The blood has won the victory over evil and its cohorts.
The true character and essence of the rider is found in the banner or name on the thigh, KING OF KINGS AND LORD OF LORDS.
Evil will be defeated and there is a special place for those who have chosen to be a part of it.
There was no regular Bible Study to give folks an opportunity to be with family.
Chapter 16:1-9. There is some similarity of images between this cycle and with the cycle of the seven trumpets. There is, first of all, the idea that the penalty for a curse of sin should be appropriate to the act. Just like in the Old Testament and the New Testament, Revelation holds to the same principle: For men have she the blood of saints and prophets, and thou hast given them blood to drink. It is their due! (v.6)
The second point to be especially noted is the reference at the conclusion of verse 9. In spite of all the judgments and in spite of know that these had come from God because of their activity and participation in demonic evil, people still did not begin to repent and give glory to God.
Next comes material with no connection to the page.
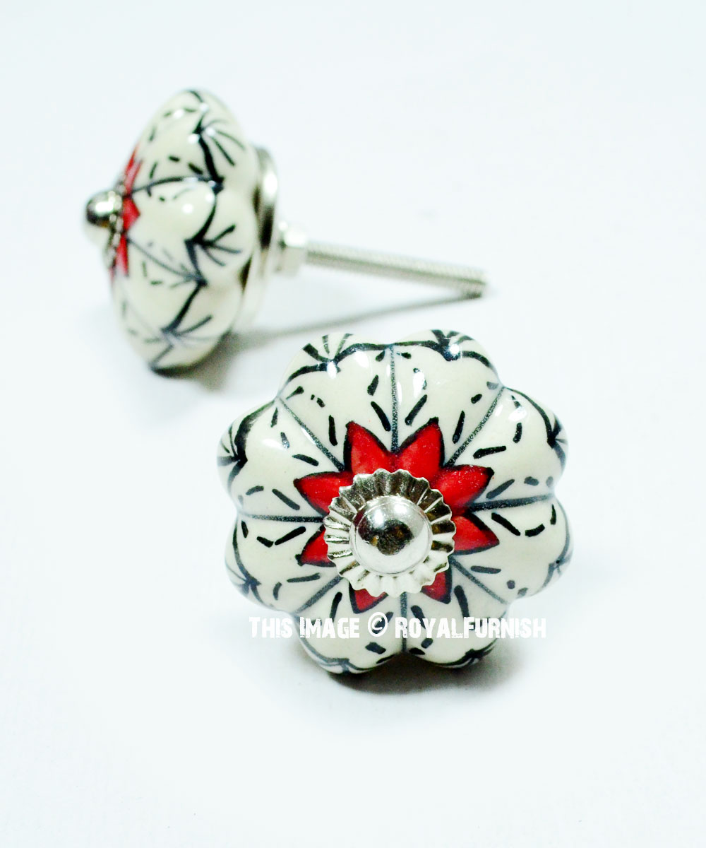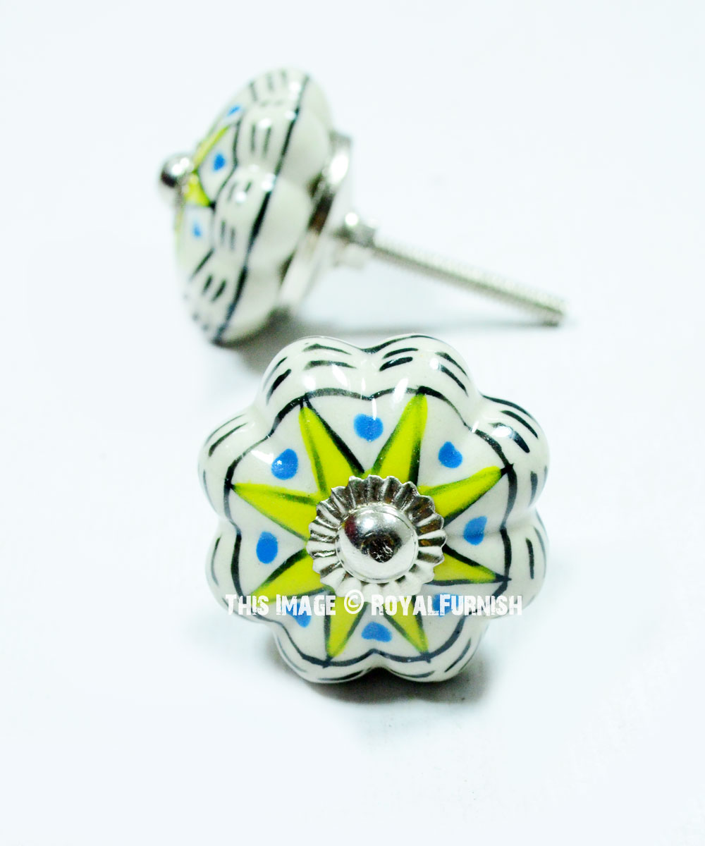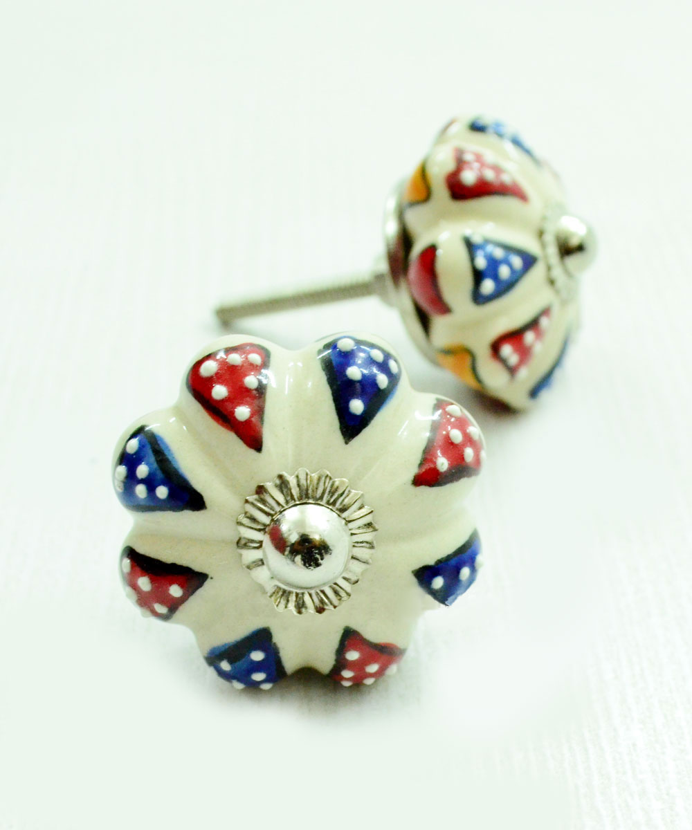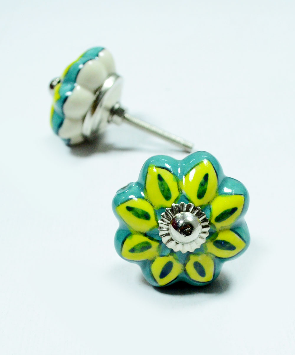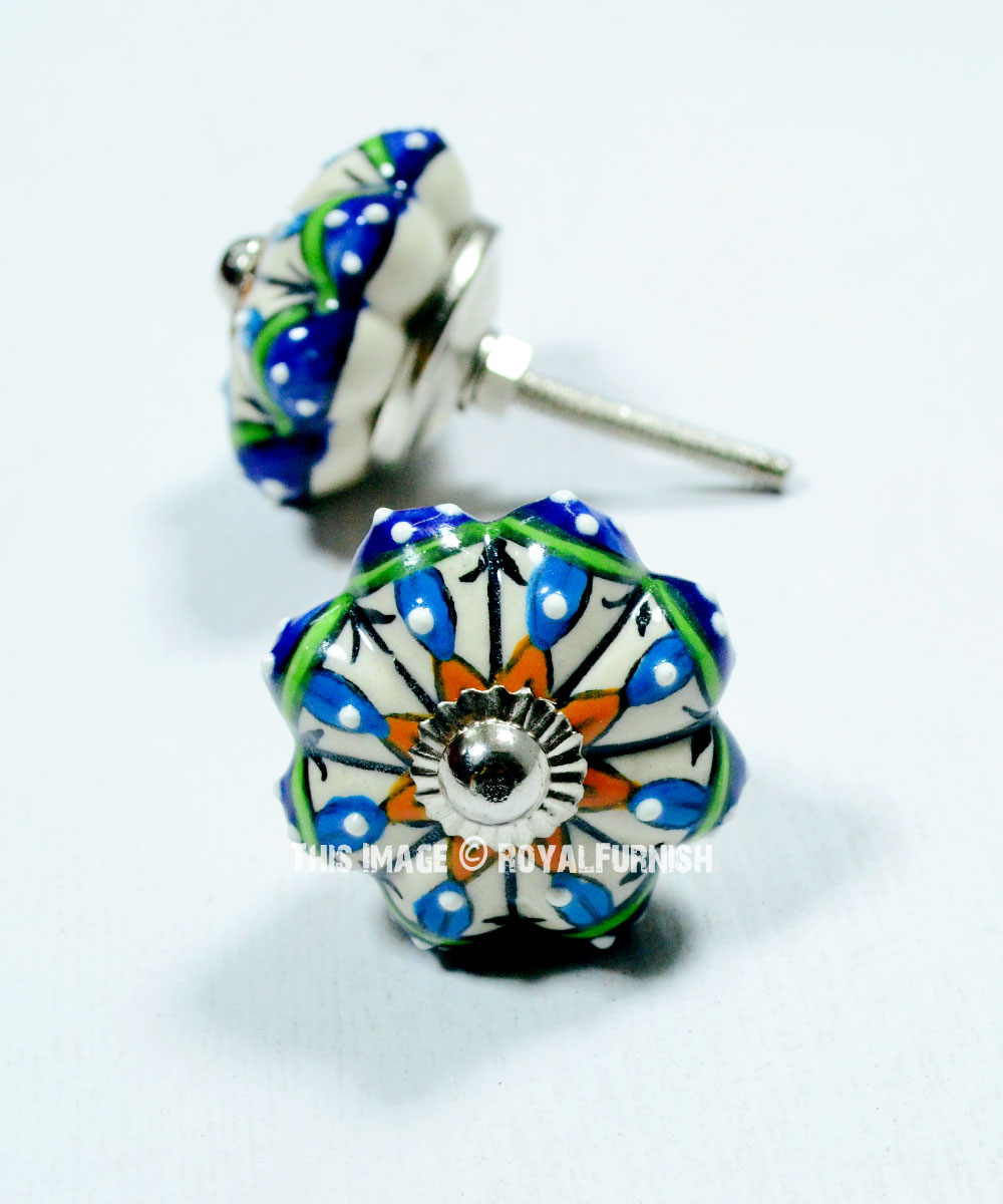 Give a finishing touch to your DIY project with Indian Ceramic knobs to remodeled kitchen, bathroom on dresser and closets. Made of Ceramic and metal with colorful floral design. It is handcrafted item, made in India with love.

Chapter 16:10-16. The reader or hearer learns specifically that these judgments are directed at the beast and those who follow the beast. This is clear in the episode of the fifth bowl (vv.10-11).
One of the most controversial passages in the book of Revelation is now encountered. An invasion from the east is described, a gathering for a great battle at the place called Armageddon. The fire of the invaders from the east is an apocalyptic means to raise the specter of the judgment on Rome. The Parthian Empire, great successor to the Old Persian Empire, was greatly feared in that section of the world by the Romans. To suggest this figure was a means John used to bolster the hopes of the faithful. God could and would use others to break the yoke of Rome’s persecution.
An assembling for battle is not described (v. 14). This gathering takes place at Armageddon. Who has not heard of this awesome place and of the horrors associated with the great conflict there?
The interpreter notes first that the word Armageddon is not a Greek word but is borrowed from Hebrew or Aramaic. Numerous identifications of the word have been made. To cite only a few, one finds “marauding mountain,” “the desirable city,” “the fruitful mountain,” “the mountain of meeting,” among others. Some have made specific identifications based on geography: “Mt. Carmel,” “the city of Megiddo,” or “the mount (hill) of Megiddo.”
Most commentators, however, think that the term derives from the Hebrew city Megiddo. (Whether the “Ar” or “Har” with it refers to “city” or “mountain” is largely irrelevant.) Why would that city be of some significance in this context? Many of the most significant battles that had great influence for the people of God were fought at or near Megiddo. The reason for this lay in the geographical setting of the city. It was near the entryway into the land from the north in the Plain of Esdraelon or Valley of Jezreel and was strategically located at the place where invaders were best confronted so as to keep them out of the land.
The interesting aspect of the description of Armageddon in this bowl cycle is that no battle is fought. They gather for battle, but God intervenes (in typical apocalyptic fashion) and destroys the enemies of the people of God without a battle. One also notes with interest that this is the only place in the entire Bible where the term Armageddon is found.
Chapter 16:17-20. The seventh bowl describes in typical apocalyptic imagery the fall of “Babylon.” By now everyone knows that Babylon represents Rome, the persecutor of God’s people.
In verse 20 there are references to islands and mountains (hills). Some commentators understand the islands to be a reference to the Roman islands used for detaining banished people (such as John, perhaps?) and the hills to be a reference to the hills upon which Rome had been built.
Interestingly enough those who are judged still blame God for their fate-a fate they have chosen.